Logotype for Lulu's Fashion Lounge Holdings Inc

Lulu's Fashion Lounge (LVLU) Q3 2025 earnings summary

Event summary combining transcript, slides, and related documents.

Logotype for Lulu's Fashion Lounge Holdings Inc

Q3 2025 earnings summary

17 Nov, 2025

Executive summary

  • Net revenue for Q3 2025 was $73.6 million, down 9% year-over-year, with a net loss of $2.3 million, a significant improvement from a $6.9 million loss in Q3 2024.

  • Achieved a second consecutive quarter of positive adjusted EBITDA, up $3.9 million from Q3 2024, driven by strong performance in special occasion and bridesmaid categories, offset by weaker casual wear and footwear.

  • Gross margin improved to 42.6% from 38.1% year-over-year, driven by higher product margins, full-price sales, and margin improvement initiatives.

  • Entered a new credit agreement with White Oak Commercial Finance, improving liquidity and financial flexibility.

  • Active customers declined to 2.4 million from 2.7 million year-over-year, while average order value increased to $141 from $131.

Financial highlights

  • Net revenue for the first nine months of 2025 was $219.3 million, down 12% year-over-year.

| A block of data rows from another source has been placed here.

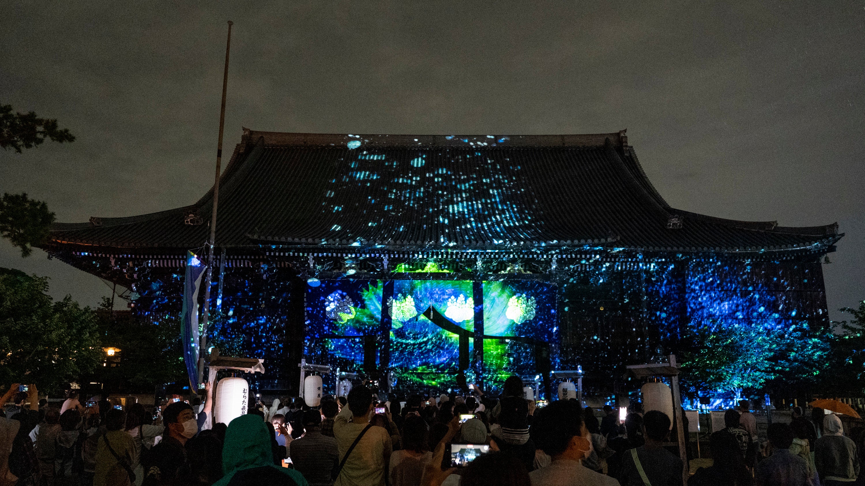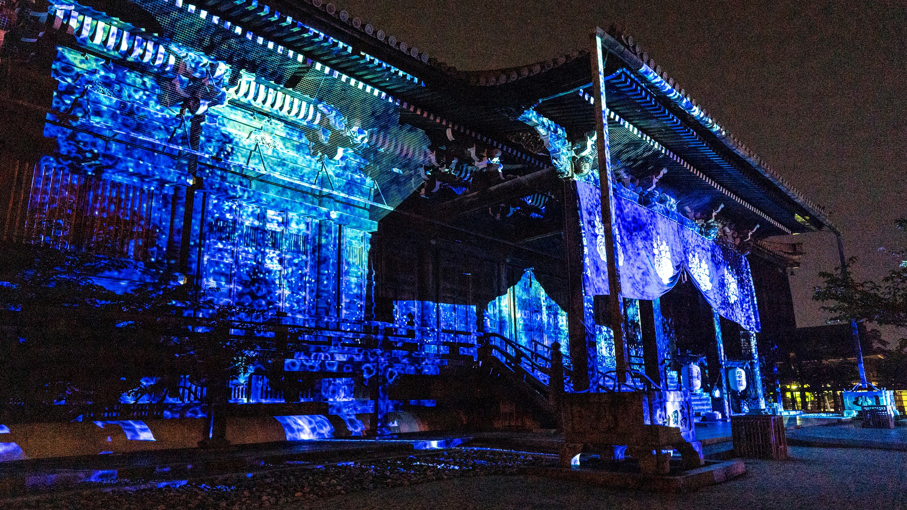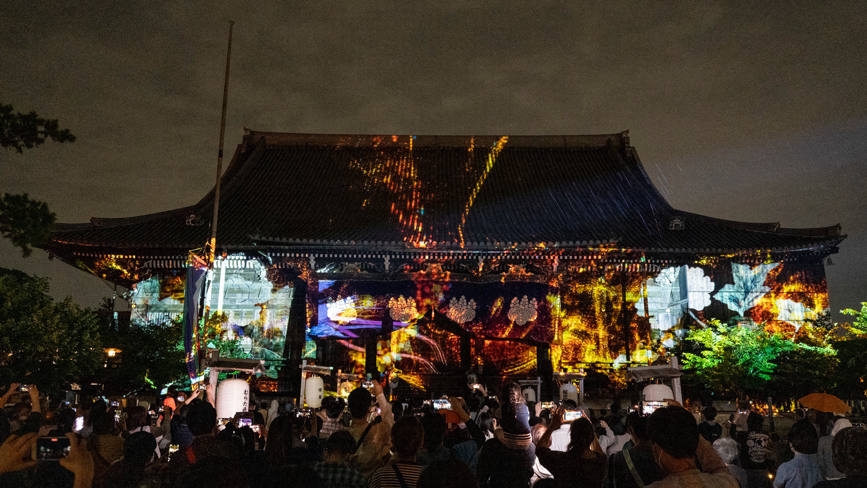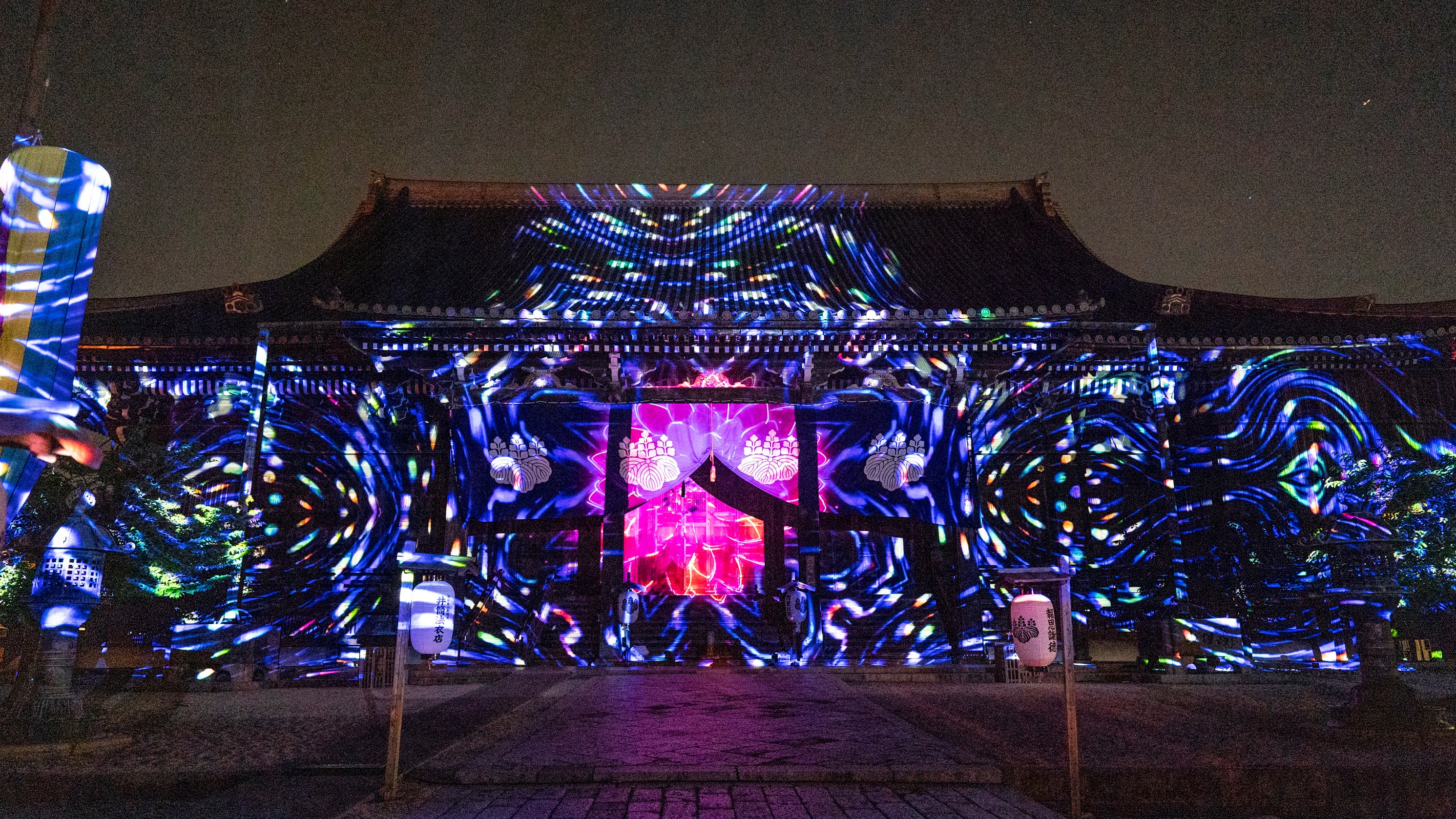 国宝木造建築物で全国5位の大きさを誇る御影堂で史上初となる一般公開プロジェクションマッピングとして、たくさんの方にご来場いただきました。
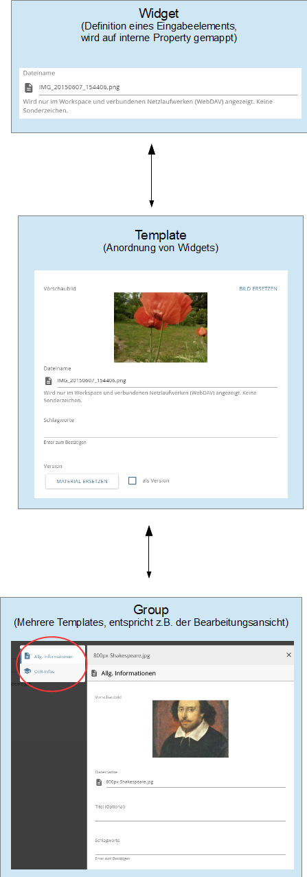 (Endpunkt: GET /mds/v1/metadatasetsV2/{repository}/{metadataset})XML{ widgets:[ {type:"text",label:"Name",id:"cm:name"}, {type:"singleoption",label:"Eine Auswahl:",id:"cm:some_dropdown",values:[{id:"1",caption:"Test 1"},{id:"2",caption:"Test 2"}]}, ], ...Für das Bearbeiten und Anzeigen von Metadaten gibt es "templates", die z.b. die einzelne Reiter eines Tabs darstellen können. Das Template besitzt einen HTML-Angelehnten , wobei die zuvor definierten Feld-ID's als Pseudo-HTML Elemente verwendet werden.
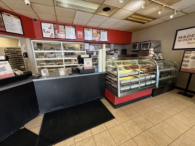 I stopped in around 1:00 PM so the store was kind of winding down from the lunch rush. There’s an order counter near the back of the store with a display case that includes some sweets. The bins of bagels are behind the counter and they were pretty well picked over for the day. I took a look at the menu board and went for the lunch sandwiches since I usually do breakfast when I go to a bagel shop. I decided to do something new.
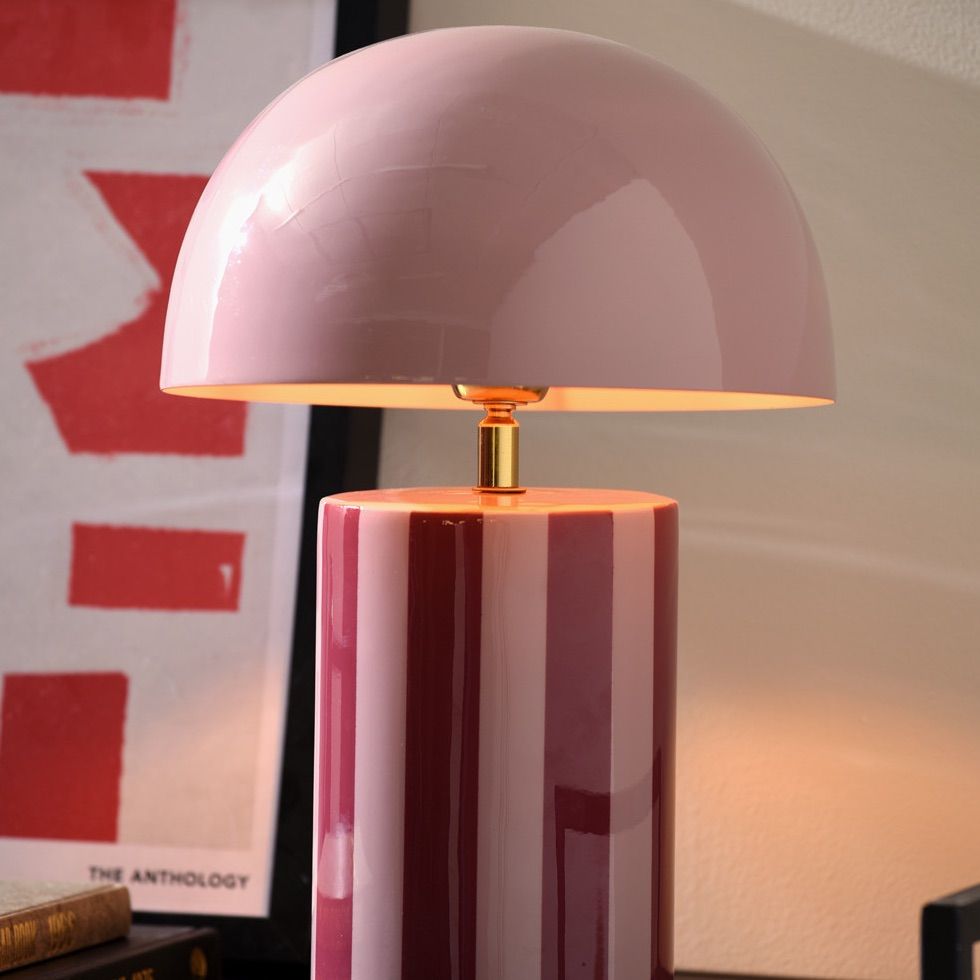 Un pied de lampe élégamment rayé, un abat jour en ton sur ton, une lampe élégante, un esprit année 30 ?
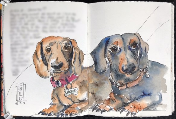 Both the Jinhao’s are quite heavy (twice as heavy?) but even with my small hands I’ve enjoyed using them for drawing. Both come with medium nibs installed and I’ve found they’re really smooth… haven’t had one skip since I’ve inked them up… De Atramentis Document Black is waterproof and the pens have handled it well. If you find you’d like a finer or broader nib it’s possible to exchange the nibs and put in a Goulet Nib. Both are #6 and from what I can see are easily exchangeable. As you can see, the #6 nib is larger than the nib on the Pilot Metropolitan. I’m going to play with these a while before I decide.
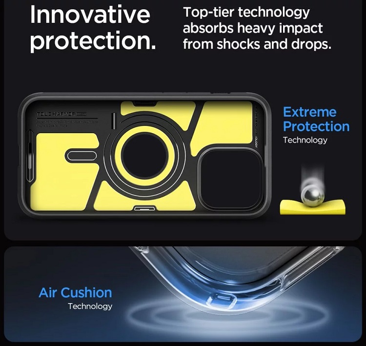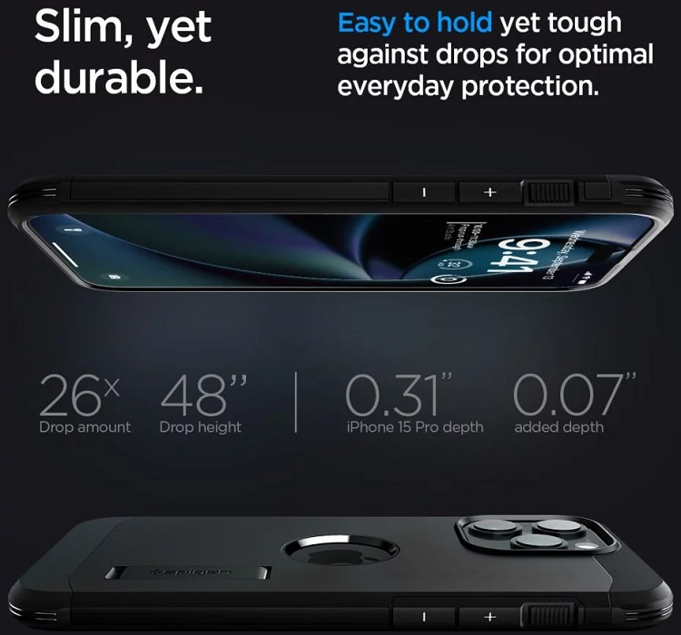 Husa Tough Armor de la Spigen pentru iPhone 15 Pro absoarbe socurile unei eventuale cazaturi cu succes datorita combinatiei de materiale de calitate folosite: invelis dur (Policarbonat) pe exterior, silicon moale pe margini si o extra protectie din spuma la interior. In plus colturile folosesc tehnologia Air Cushion ce diminueaza vibratiile socului. Este certificata military grade MIL-STD 810G-516.6 impotriva cazaturilor.
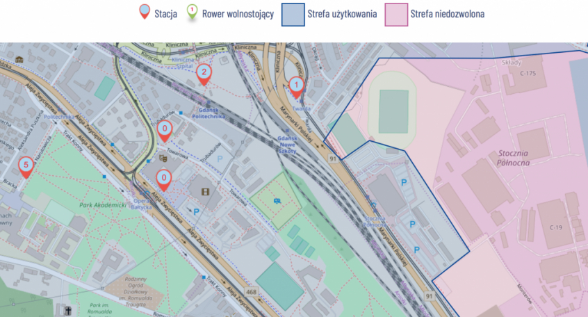 Aktualny układ stref i mapę stacji roweru Mevo można zobaczyć na mapie: https://rowermevo.pl/mapa-stacji/
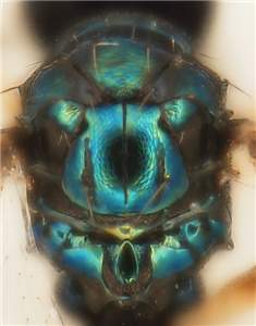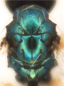 Midlobe of mesoscutum with posterior 1/3 with engraved reticulation; scutellum wide, 0.9X as long as wide, lateral mesh-rows situated half-way between median groove and lateral margin of scutellum; mesoscutum and scutellum metallic bluish-purple, bluish-green or golden-green; hind tibial spur long, LS/LT = 0.53; propodeum with median carina relatively short and wide, LC/WC = 2.0, with sides rounded. Similar to aeneicollis but with longer petiole and with a longer hind tibial spur; also similar to dorypher but with shorter petiole. See also hylaeus, livens and panamensis.
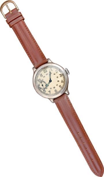 «Шишечка» сбоку на этих наручных часах – верхушка заводного вала, соединенного с ремонтуаром. С ее помощью можно было как завести часы, так и перевести стрелки
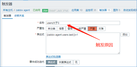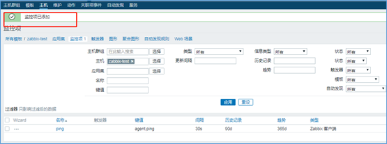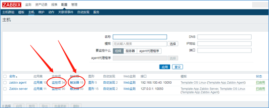 流程:配置→主机→监控项→创建监控项;配置→主机→触发器→创建触发器。
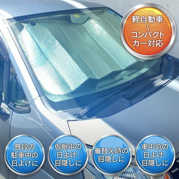 | ■ 軽自動車~コンパクトカー対応 ■ アルミコーティング断熱材で直射日光を防ぐ ■ ガラスが傷付きにくいソフト素材を採用 ■ 吸盤付きで着脱カンタン ■ 折りたたんでコンパクトに収納 ■ 折りたたみ時に便利なゴム付き |
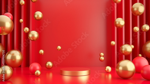 Fototapeta premium Red and Gold Abstract Podium with Spheres
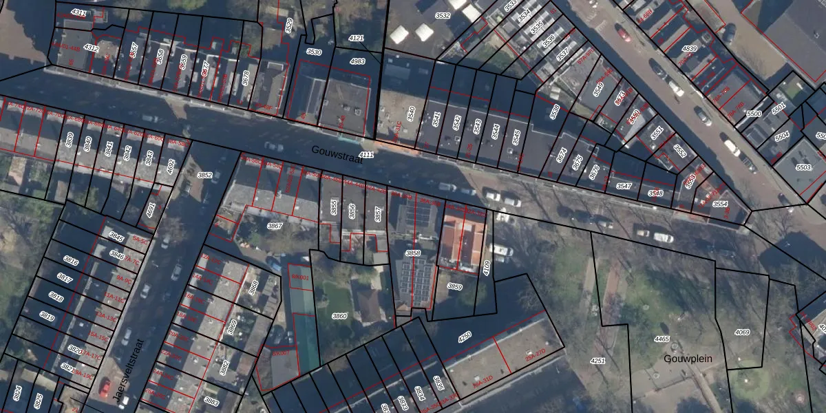 Gouwstraat 38-B is gelegen op kadastraal perceel CLS00E3858. Deze kadastrale aanduiding is uniek en wordt gebruikt door het Kadaster om eigendomsrechten en andere zakelijke rechten vast te leggen. Het perceel maakt onderdeel uit van de kadastrale gemeente Charlois.
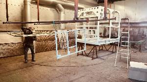 - Dazwischen werden die letzten Arbeiten am Zwischenrahmen erledigt, schweissen des Querträgers bei der Zylinderhalterung unten und Verputzen.
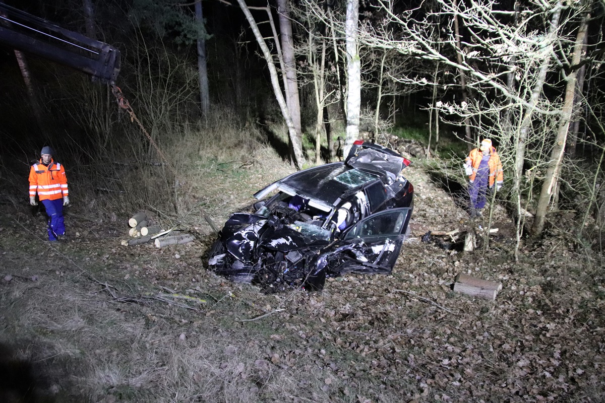 Ein Kran musste den Wagen aus dem Gebüsch ziehen. Foto: Jürgen Masching
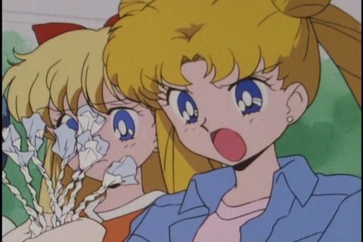 After everyone else but the Senshi have left, Usagi vents a bit of frustration that she’s being cuckolded right before her very eyes. It’s quite impressive to watch her rip apart a towel, actually.
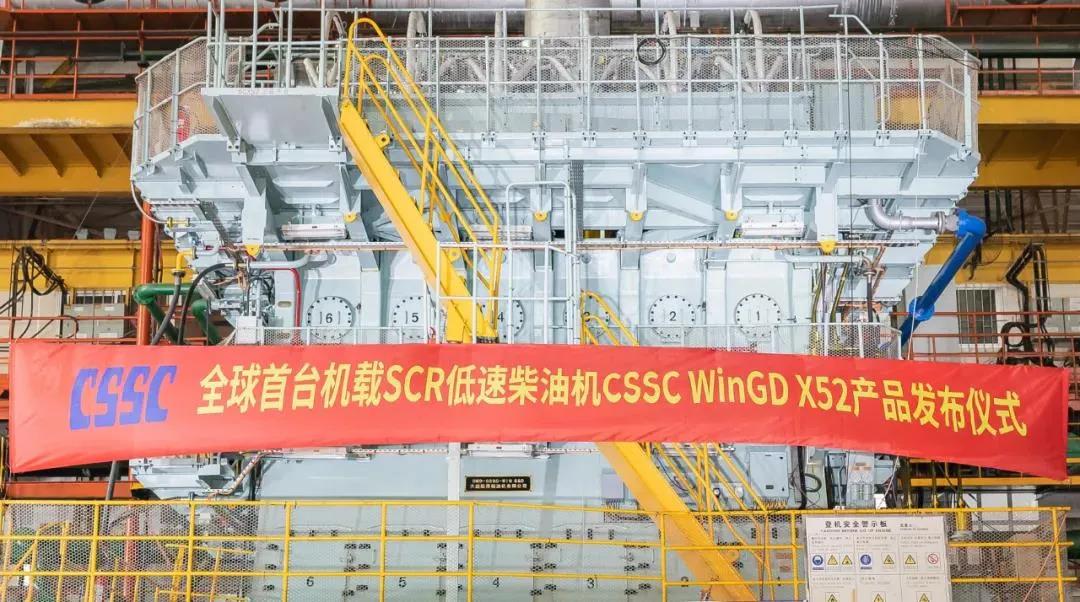 2021年7月22日,由中國船舶集團旗下中船動力集團自主研發、大連船柴建造的全球首台機載SCR(選擇性催化還原係統)船用低速機CSSC WinGD X52正式向全球發布。
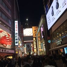色々なネオン看板が見れる場所、大阪観光名所の一つになるのでしょう、確かに派手な看板が沢山ありキラキラとにぎやかです。皆さん看板を見ているので気をつけないとぶつかってしまいます。
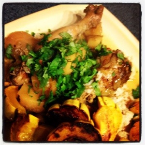 Our final product – looks homemade – chicken and parsnip tagine with coriander and cilantro, with roasted Delicata squash and brown rice as well (Image by Liz Cameron)
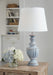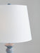 Details Made of terra cotta and wood with empire hardback fabric shade, Antiqued blue finish, 3-way switch, 1 E26 socket, type A bulb (not included); 150 watts max or LED equivalent; UL Listed, Due to the finishing process, some variations may occur, Assembly required
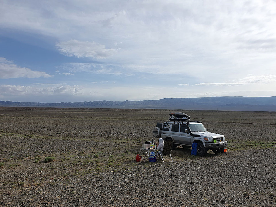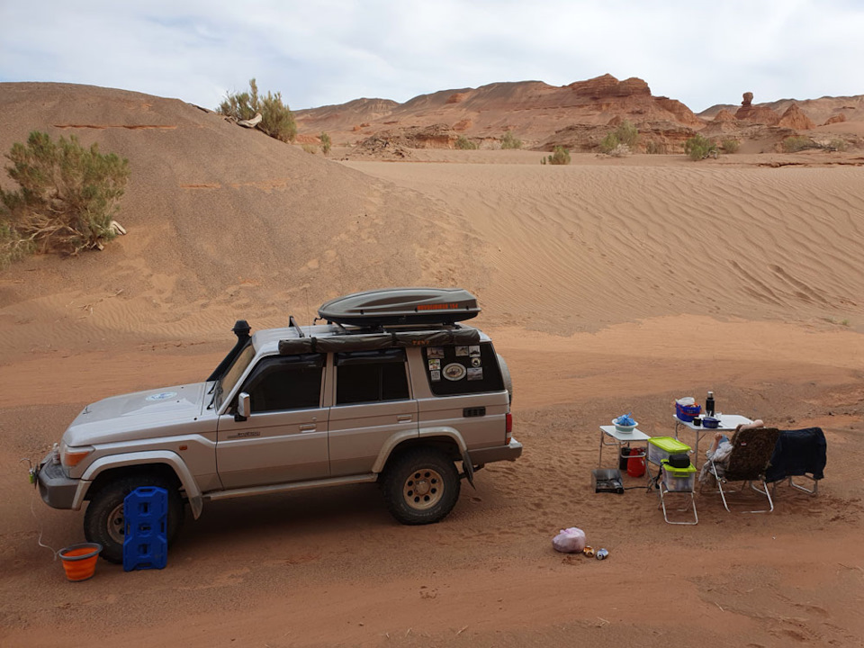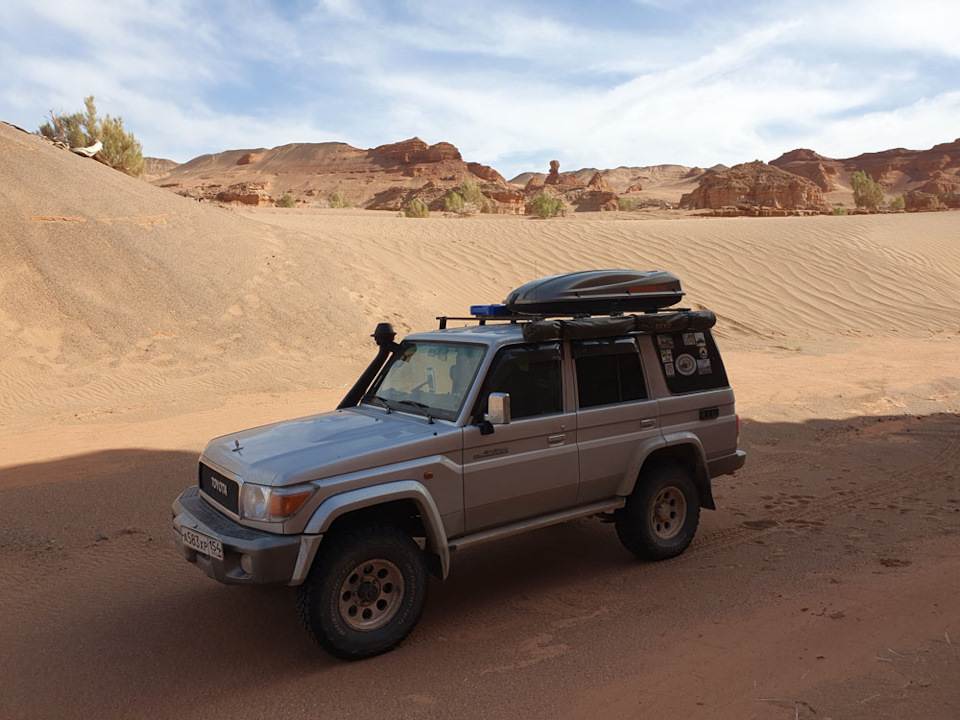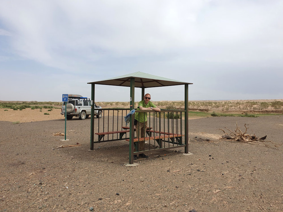 На следующий день доезжаем до селения Шинэжинст. Ночуем в его окрестностях. Утром заправляем полный бак, и все канистры водой. Нас впереди ждёт большая пустыня.
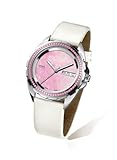 | ✚✚✚ 121Time - Challenger Lady Quartz classic - Swiss Made Every 121Time watch is assembled by certified watchmakers and follows the Swiss quality standards. Sportiness and femininity. A watch with a strong character and a stylish design that reflects your sporting allure and feminine appeal, especially with its mother of pearl and diamond versions. Case: high grade corrosion-resistant stainless steel (316L) reducing the risk of allergy.. Case: Stainless steel 316L reducing risks of allergy. Movement: Quartz ETA 955.422 Swiss Made. Bezel: Steel incrusted with 68 genuine pink sapphires. Dial: Pearl, genuine japanese mother of pearl. Hours and minutes hands: Luminescent. Strap: Natural calfskin leather, extra soft. Buckle: Tang-type buckle. Water resistance: 3 ATM (100 feet). Glass: Hardened mineral crystal. Case: Case diameter (mm): 31, Case height (mm): 9. Movement: Movement accuracy : 32768 Hz, Battery life : 68 months. Bezel: 0.25 carat with certificate of authenticity. Water resistance: 3 ATM (100 feet). Glass: Hardened mineral crystal : 500 to 800 Vickers hardness. Movement caliber: ETA 955.422 Swiss Made. Type of technology: Quartz 32'768 Hz. Battery end-of-life display (EOL: The second hand jumpes every 4 seconds to indicate the batteries low energy level. Calendar: Mechanical day|date window at 3 o clock.

  • Net loss for the first nine months was $13.3 million, compared to $23.4 million in the prior year period.

  • Free cash flow for Q3 was negative $2.4 million, a $3.9 million year-over-year improvement; year-to-date free cash flow was $3.5 million.

  • Selling and marketing expenses decreased 4% in Q3 and 9% year-to-date, reflecting lower marketing and processing costs.

  • General and administrative expenses fell 18% in Q3 and 17% year-to-date, driven by reduced headcount and lower equity-based compensation.

Outlook and guidance

  • Expect significant year-over-year improvement in adjusted EBITDA for Q4 2025.

  • Full-year capital expenditures projected at approximately $2.5 million.

  • Outlook incorporates anticipated headwinds from tariffs, consumer demand, inflation, supply chain, and macroeconomic uncertainties.

  • Anticipate top-line pressure from shoes and casual apparel to moderate by end of Q2 2026 as inventory realignment progresses.

  • The company plans to maintain disciplined capital spending and focus on operational efficiencies to support a return to profitability.